__Requirement__: Copy out the whole listing exactly as given. Skip the pictures.

__Information shown__:
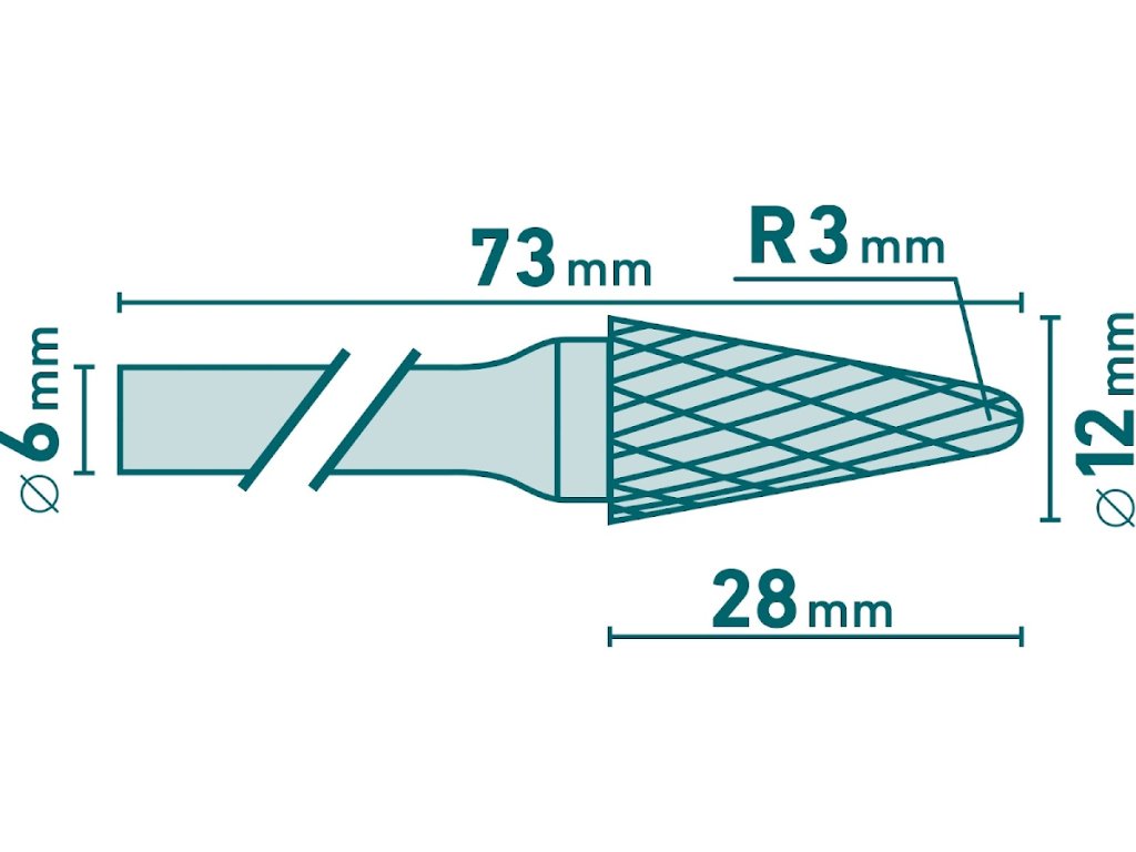Rezač karbida, stožast zaobljen 14°, promjera 12 × 28 mm/drška 6 mm, dvostruko izrezan
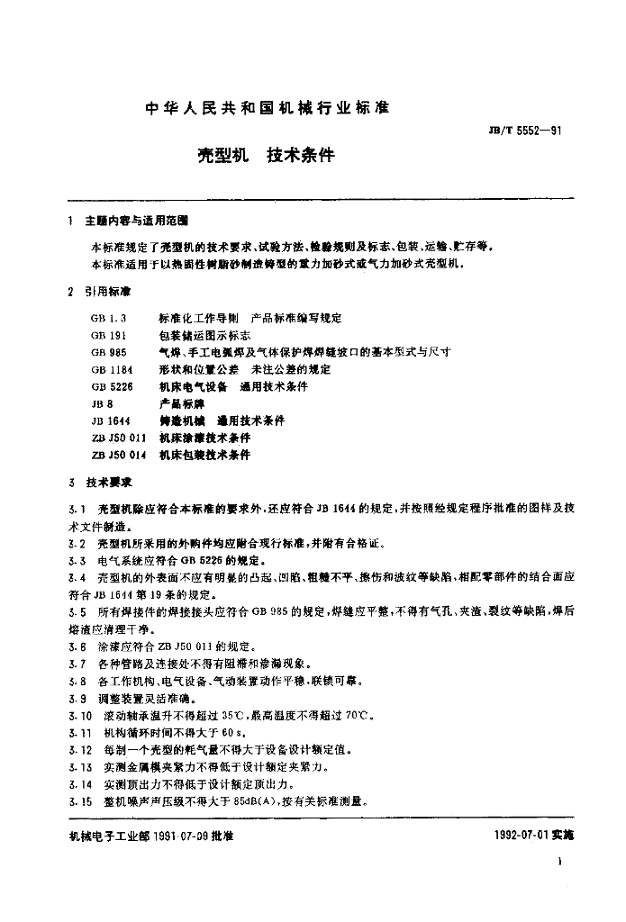 JB/T 5552-1991 壳型机 技术条件
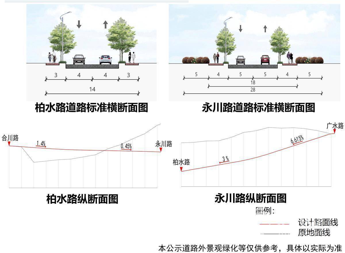 据了解,规划永川路(广水路至柏水路段)、柏水路(合川路至永川路段)均为城市支路,永川路(广水路至柏水路段)道路红线宽度为18米,两侧各5米宽绿化带;柏水路(合川路至永川路段)道路红线宽度为14米。(信网记者)

__Response to the exercise__:
Rezač karbida, stožast zaobljen 14°, promjera 12 × 28 mm/drška 6 mm, dvostruko izrezan
 JB/T 5552-1991 壳型机 技术条件
 据了解,规划永川路(广水路至柏水路段)、柏水路(合川路至永川路段)均为城市支路,永川路(广水路至柏水路段)道路红线宽度为18米,两侧各5米宽绿化带;柏水路(合川路至永川路段)道路红线宽度为14米。(信网记者)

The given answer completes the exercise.